VRS leaves the choice of those data sources to the implementations.  In vr-python, `ga4gh.vrs.dataproxy` provides an abstract base class as a basis for data source adapters.  One source is [SeqRepo](https://github.com/biocommons/biocommons.seqrepo/), which is used below.  (An adapter based on the GA4GH refget specification exists, but is pending necessary changes to the refget interface to provide accession-based lookups.)

SeqRepo: [github](https://github.com/biocommons/biocommons.seqrepo/) | [data snapshots](http://dl.biocommons.org/seqrepo/) | [seqrepo-rest-service @ github](https://github.com/biocommons/seqrepo-rest-service) | [seqrepo-rest-service docker images](https://cloud.docker.com/u/biocommons/repository/docker/biocommons/seqrepo-rest-service)

RefGet: [spec](https://samtools.github.io/hts-specs/refget.html) | [perl server](https://github.com/andrewyatz/refget-server-perl)

In [1]:
from ga4gh.core import sha512t24u, ga4gh_digest, ga4gh_identify, ga4gh_serialize
from ga4gh.vrs import __version__, models, normalize
from ga4gh.vrs.dataproxy import SeqRepoRESTDataProxy
from biocommons.seqrepo import SeqRepo

seqrepo_rest_service_url = "https://services.genomicmedlab.org/seqrepo"
dp = SeqRepoRESTDataProxy(base_url=seqrepo_rest_service_url)



In [2]:
dp.get_metadata("refseq:NM_000551.3")

{'added': '2016-08-24T05:03:11Z',
 'aliases': ['MD5:215137b1973c1a5afcf86be7d999574a',
  'NCBI:NM_000551.3',
  'refseq:NM_000551.3',
  'SEGUID:T12L0p2X5E8DbnL0+SwI4Wc1S6g',
  'SHA1:4f5d8bd29d97e44f036e72f4f92c08e167354ba8',
  'VMC:GS_v_QTc1p-MUYdgrRv4LMT6ByXIOsdw3C_',
  'sha512t24u:v_QTc1p-MUYdgrRv4LMT6ByXIOsdw3C_',
  'ga4gh:SQ.v_QTc1p-MUYdgrRv4LMT6ByXIOsdw3C_'],
 'alphabet': 'ACGT',
 'length': 4560}

In [3]:
dp.get_sequence("ga4gh:SQ.v_QTc1p-MUYdgrRv4LMT6ByXIOsdw3C_", start=0, end=51) + "..."

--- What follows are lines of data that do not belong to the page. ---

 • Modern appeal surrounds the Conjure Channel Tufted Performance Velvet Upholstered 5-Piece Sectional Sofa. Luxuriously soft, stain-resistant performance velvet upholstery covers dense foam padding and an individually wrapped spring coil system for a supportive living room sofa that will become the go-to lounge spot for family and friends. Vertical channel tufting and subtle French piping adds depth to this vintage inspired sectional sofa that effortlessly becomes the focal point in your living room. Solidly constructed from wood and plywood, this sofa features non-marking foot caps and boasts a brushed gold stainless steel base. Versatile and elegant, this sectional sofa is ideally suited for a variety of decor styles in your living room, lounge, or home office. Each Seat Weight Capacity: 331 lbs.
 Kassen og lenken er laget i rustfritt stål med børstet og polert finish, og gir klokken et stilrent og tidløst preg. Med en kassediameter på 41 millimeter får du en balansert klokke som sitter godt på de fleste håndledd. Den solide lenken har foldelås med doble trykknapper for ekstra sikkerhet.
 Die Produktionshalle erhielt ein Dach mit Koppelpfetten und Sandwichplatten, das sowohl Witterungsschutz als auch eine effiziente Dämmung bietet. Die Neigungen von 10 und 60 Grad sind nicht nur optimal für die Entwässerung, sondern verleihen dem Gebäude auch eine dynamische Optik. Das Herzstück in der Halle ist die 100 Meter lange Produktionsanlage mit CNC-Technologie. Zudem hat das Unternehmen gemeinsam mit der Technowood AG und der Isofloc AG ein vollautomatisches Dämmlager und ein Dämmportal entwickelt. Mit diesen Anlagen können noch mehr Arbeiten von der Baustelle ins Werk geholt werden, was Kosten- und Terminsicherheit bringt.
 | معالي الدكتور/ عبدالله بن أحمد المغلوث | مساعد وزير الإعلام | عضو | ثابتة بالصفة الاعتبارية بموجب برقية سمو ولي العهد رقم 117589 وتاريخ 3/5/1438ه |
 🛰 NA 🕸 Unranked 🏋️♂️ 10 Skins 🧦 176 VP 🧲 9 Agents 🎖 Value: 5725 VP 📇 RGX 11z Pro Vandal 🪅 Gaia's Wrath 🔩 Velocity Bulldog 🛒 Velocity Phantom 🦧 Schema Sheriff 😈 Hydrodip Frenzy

'CCTCGCCTCCGTTACAACGGCCTACGGTGCTGGAGGATCCTTCTGCGCACG...'

## Format translator
ga4gh.vrs.extras.translator.Translator translates various formats into VRS representations. 

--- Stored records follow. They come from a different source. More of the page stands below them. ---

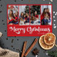 Classic Simple Red Merry Christmas Four Photo Holiday Card
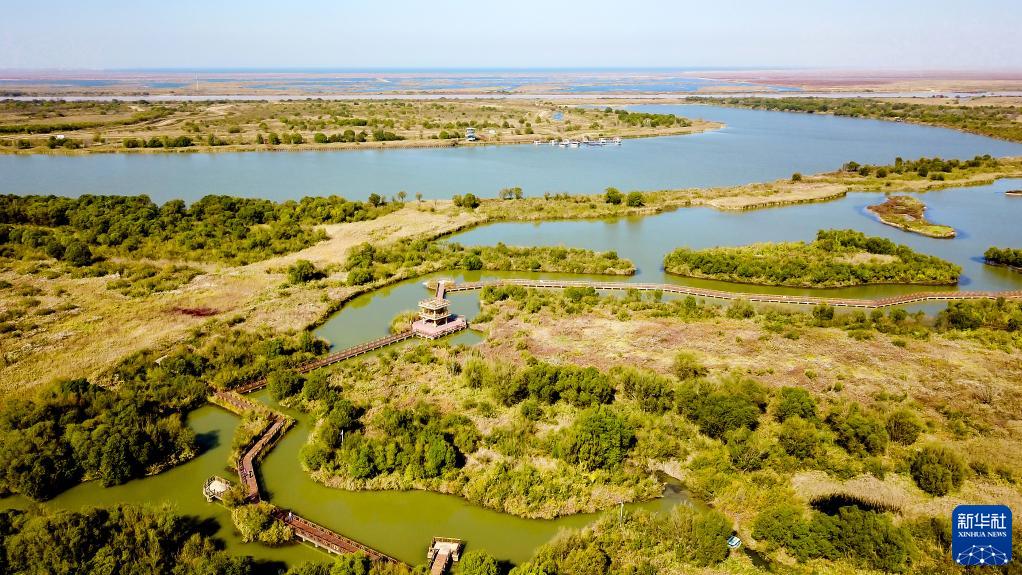 山東黃河三角洲國家級自然保護區景色(無(wú)人機照片,2022年10月18日攝)。新華社記者 郭緒雷 攝
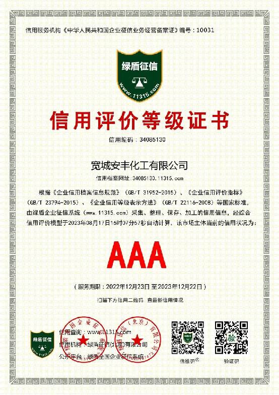 宽城安丰化工有限公司始建于1998年,现有员工38人,现有固定资产3500多万元。主要生产用于毛发染料中间体,4-氯间苯二酚30吨/年和2,6-二羟基甲苯30吨/年。生产工艺先进,公司独有生产创新技术,河北省高新企业,河北省科技中小企业,承德市高潜民营企业。公司所生产的4-氯间苯二酚和2,6-二羟基甲苯产品,产品质量优异,远销欧美及世界各地,深受国内外客商好评。承德市信用协会第一届、第二届会员单位,立信企业。信用等级:AAA。
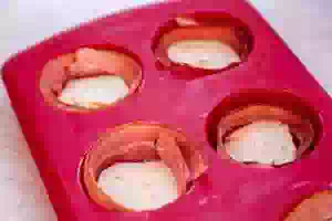 3. Поджаренным беконом выложить стенки формочек (по 2 ломтика на каждую), стараясь уложить их так, чтобы ломтики бекона охватили поджаренный хлеб со всех сторон.
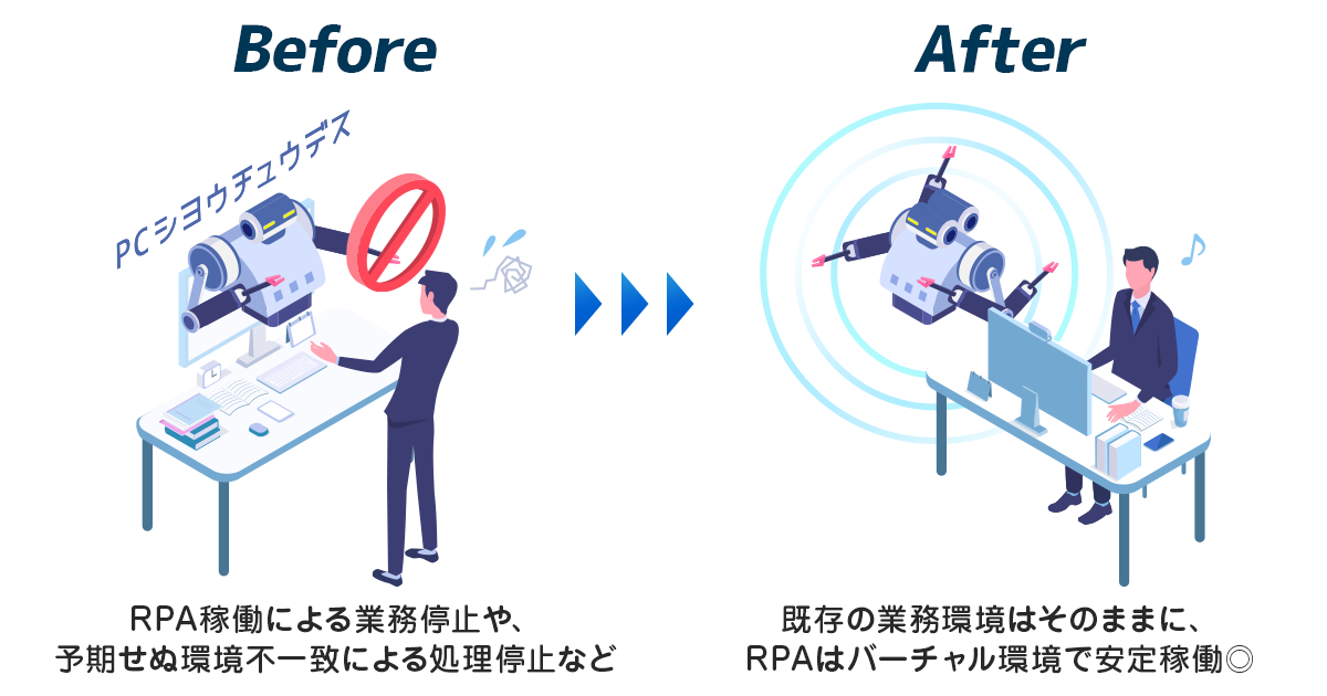 RPAによる業務の自動化は、こうした課題の有用なソリューションである一方で、実用化には「PC環境によってRPAがうまく稼働しない」「RPA稼働中はそのPCで他の作業が出来ず業務が止まってしまう」など、さまざまなハードルがありました。

<div class="alert alert-success">
    <span style="font-size: larger">🚀</span> The examples below use the same variant in 4 formats: HGVS, beacon, spdi, and VCF/gnomAD. Notice that the resulting Allele objects and computed identifiers are identical.</b>
    
By default, `Translator` 1) translates sequence identifiers to ga4gh digest-based identifiers, 2) normalizes alleles, 3) adds a ga4gh identifier. These may be disabled as desired. (However, `ga4gh_identify` requires that all objects use identifiers, including sequence identifiers, in the `ga4gh` namespace.)
</div>

In [4]:
from ga4gh.vrs.extras.translator import Translator
tlr = Translator(data_proxy=dp,
                 translate_sequence_identifiers=True,  # default
                 normalize=True,                       # default
                 identify=True)                        # default

### From/To HGVS

<div class="alert alert-info">
    <span style="font-size: larger">☛</span> The HGVS variant below shows C>T.
    </div>

In [5]:
a = tlr.translate_from("NC_000019.10:g.44908822C>T","hgvs")
a.as_dict()

{'_id': 'ga4gh:VA.CxiA_hvYbkD8Vqwjhx5AYuyul4mtlkpD',
 'type': 'Allele',
 'location': {'type': 'SequenceLocation',
  'sequence_id': 'ga4gh:SQ.IIB53T8CNeJJdUqzn9V_JnRtQadwWCbl',
  'interval': {'type': 'SequenceInterval',
   'start': {'type': 'Number', 'value': 44908821},
   'end': {'type': 'Number', 'value': 44908822}}},
 'state': {'type': 'LiteralSequenceExpression', 'sequence': 'T'}}

In [6]:
#tlr.translate_to(a, "hgvs")

"The postgres default port of 5432 is blocked outbound by binder and potentially other institutions. "\
"To circumvent users having to install UTA themselves we created a rest data proxy for variation normalizer for the to_hgvs endpoint."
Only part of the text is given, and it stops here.